Francis Bacon, Novum Organum, 1620, Livre I, § 50, tr. fr. M. Malherbe et J.-M. Pousseur, PUF, 1986, p. 115-116.
"L'entendement ne peut jamais se laisser tromper par aucune expérience, pourvu seulement qu'il ait une intuition précise de l'objet qui lui est présent, soit en lui-même, si c'est ainsi qu'il le possède, soit sous sa forme imaginative ; et pourvu qu'en outre il n'aille pas juger que l'imagination lui rapporte avec fidélité les objets des sens, ni que les sens se fassent les porteurs de la vraie figure des choses, ni que les choses externes enfin soient toujours telles qu'elles apparaissent ; car en tout ceci nous sommes sujets à l'erreur : ainsi lorsqu'on nous raconte une fable, et que nous croyons que c'est une histoire vraie ; ainsi encore lorsqu'un homme qui souffre de la jaunisse croit que tout est jaune, parce qu'il a l'œil imprégné de couleur jaune ; ainsi enfin lorsque, sous l'effet d'une maladie de l'imagination (c'est ce qui arrive aux mélancoliques), nous croyons que les images désordonnées qui s'y forment représentent des réalités véritables. Mais tout cela n'induira pas en erreur l'entendement du sage ; il jugera en effet que tout ce qui lui parvient de son imagination s'y trouve, à coup sûr, véritablement tracé ; mais il n'affirmera pourtant jamais que le message se soit transmis intact, et sans aucune variation, des choses externes aux sens et des sens à la fantaisie, à moins qu'il ne le sache à l'avance de quelque autre façon. Nous composons nous-mêmes, au contraire, les choses dont nous avons l'intelligence, chaque fois que nous croyons qu'il existe en elles quelque chose que notre esprit ne perçoit immédiatement par aucune expérience : ainsi lorsque celui qui a la jaunisse se persuade que les choses qu'il voit sont jaunes, cette pensée qui est en lui aura été composée de ce que sa fantaisie lui représente, et de ce qu'il suppose de son propre chef : à savoir, que si la couleur jaune se manifeste à lui, ce n'est pas à cause d'un défaut de son œil, mais parce que les choses qu'il voit sont effectivement jaunes. De quoi l'on conclut que nous ne pouvons nous tromper qu'en composant nous-mêmes, d'une manière ou d'une autre, les choses que nous croyons."

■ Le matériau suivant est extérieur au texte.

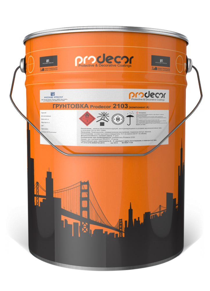 Реестр УРАЛХИМ Применяется в комплексе с эмалью Prodecor 2303 для долговременной защиты от коррозии металлоконструкций различного назначения, эксплуатирующихся в условиях высокоагрессивных сред, а также в условиях категории C5 I по ISO 12944. Грунтовка Prodecor 2103 сохраняет свои защитные свойства в комплексе с эмалью Prodecor 2303 не менее 15 лет
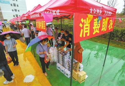 5月29日,咸安区马桥镇为当地13个村的62户建档立卡贫困户举办消费扶贫“赶集”活动,现场销售禽蛋类、时令蔬菜(黄瓜、苋菜、藕带)、菜籽油、干货(梅干菜、红薯粉、红薯粉条)、水果(蓝莓、李子)、小龙虾等20多个品种的农副产品,当天共计销售收入19.7万元。

Descartes, Règles pour la direction de l'esprit, 1629, Règle XII, tr. fr. Jacques Brunschwig, Le Livre de Poche, 2002, p. 145-146.
"Commençons par la considération des choses les plus communes, et que nous croyons comprendre le plus distinctement, à savoir les corps que nous touchons et que nous voyons. Je n'entends pas parler des corps en général, car ces notions générales sont d'ordinaire plus confuses, mais de quelqu'un en particulier. Prenons pour exemple ce morceau de cire qui vient d'être tiré de la ruche : il n'a pas encore perdu la douceur du miel qu'il contenait, il retient encore quelque chose de l'odeur des fleurs dont il a été recueilli; sa couleur, sa figure, sa grandeur, sont apparentes; il est dur, il est froid, on le touche, et si vous le frappez, il rendra quelque son. Enfin toutes les choses qui peuvent distinctement faire connaître un corps, se rencontrent en celui-ci.

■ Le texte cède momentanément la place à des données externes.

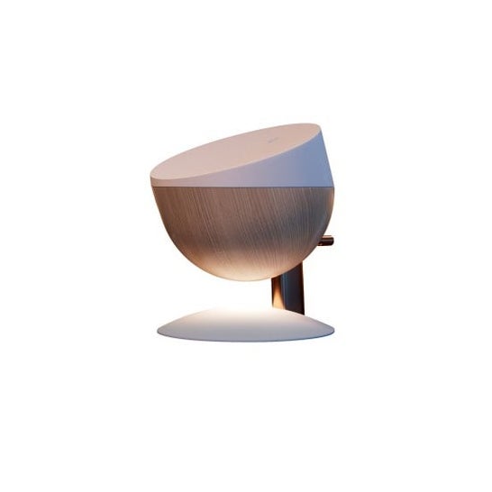 Ätherischer Öldiffusor mit dekorativem Design für die Beduftung aller Arten von Räumen. Es verfügt über eine LED-Beleuchtungsfunktion, die das Gefühl vermittelt, das Gerät würde in der Luft schweben. Er trägt dazu bei, eine entspannende Atmosphäre in jedem Zuhause oder am Arbeitsplatz zu schaffen. Er ist in Buchenholz mit weißen Details gehalten.

Mais voici que, cependant que je parle, on l'approche du feu : ce qui y restait de saveur s'exhale, l'odeur s'évanouit, sa couleur se change, sa figure se perd, sa grandeur augmente, il devient liquide, il s'échauffe, à peine le peut-on toucher, et quoiqu'on le frappe, il ne rendra plus aucun son. La même cire demeure-t-elle après ce changement ? Il faut avouer qu'elle demeure; et personne ne le peut nier. Qu'est-ce donc que l'on connaissait en ce morceau de cire avec tant de distinction ? Certes ce ne peut être rien de tout ce que j'y ai remarqué par l'entremise des sens, puisque toutes les choses qui tombaient sous le goût, ou l'odorat, ou la vue, ou l'attouchement, ou l'ouïe, se trouvent changées, et cependant la même cire demeure. Peut-être était-ce ce que je pense maintenant, à savoir que la cire n'était pas ni cette douceur du miel, ni cette agréable odeur des fleurs, ni cette blancheur, ni cette figure, ni ce son, mais seulement un corps qui un peu auparavant me paraissait sous ces formes, et qui maintenant se fait remarquer sous d'autres. Mais qu'est-ce, précisément parlant, que j'imagine, lorsque je la conçois en cette sorte ? Considérons-le attentivement, et éloignant toutes les choses qui n'appartiennent point à la cire, voyons ce qui reste. Certes il ne demeure rien que quelque chose d'étendu, de flexible et de muable. Or qu'est-ce que cela : flexible et muable ? N'est-ce pas que j'imagine que cette cire étant ronde est capable de devenir carrée, et de passer du carré en une figure triangulaire ? Non certes, ce n'est pas cela, puisque je la conçois capable de recevoir une infinité de semblables changements, et je ne saurais néanmoins parcourir cette infinité par mon imagination, et par conséquent cette conception que j'ai de la cire ne s'accomplit pas par la faculté d'imaginer.
Qu'est-ce maintenant que cette extension ? N'est-elle pas aussi inconnue, puisque dans la cire qui se fond elle augmente, et se trouve encore plus grande quand elle est entièrement fondue, et beaucoup plus encore quand la chaleur augmente davantage ? Et je ne concevrais pas clairement et selon la vérité ce que c'est que la cire, si je ne pensais qu'elle est capable de recevoir plus de variétés selon l'extension, que je n'en ai jamais imaginé. Il faut donc que je tombe d'accord, que je ne saurais pas même concevoir par l'imagination ce que c'est que cette cire, et qu'il n'y a que mon entendement seul qui le conçoive; je dis ce morceau de cire en particulier, car pour la cire en général, il est encore plus évident. Or quelle est cette cire, qui ne peut être conçue que par l'entendement ou l'esprit ? Certes c'est la même que je vois, que je touche, que j'imagine, et la même que je connaissais dès le commencement. Mais ce qui est à remarquer, sa perception, ou bien l'action par laquelle on l'aperçoit, n'est point une vision, ni un attouchement, ni une imagination, et ne l'a jamais été, quoiqu'il le semblât ainsi auparavant, mais seulement une inspection de l'esprit, laquelle peut être imparfaite et confuse, comme elle était auparavant, ou bien claire et distincte, comme elle est à présent, selon que mon attention se porte plus ou moins aux choses qui sont en elle, et dont elle est composée.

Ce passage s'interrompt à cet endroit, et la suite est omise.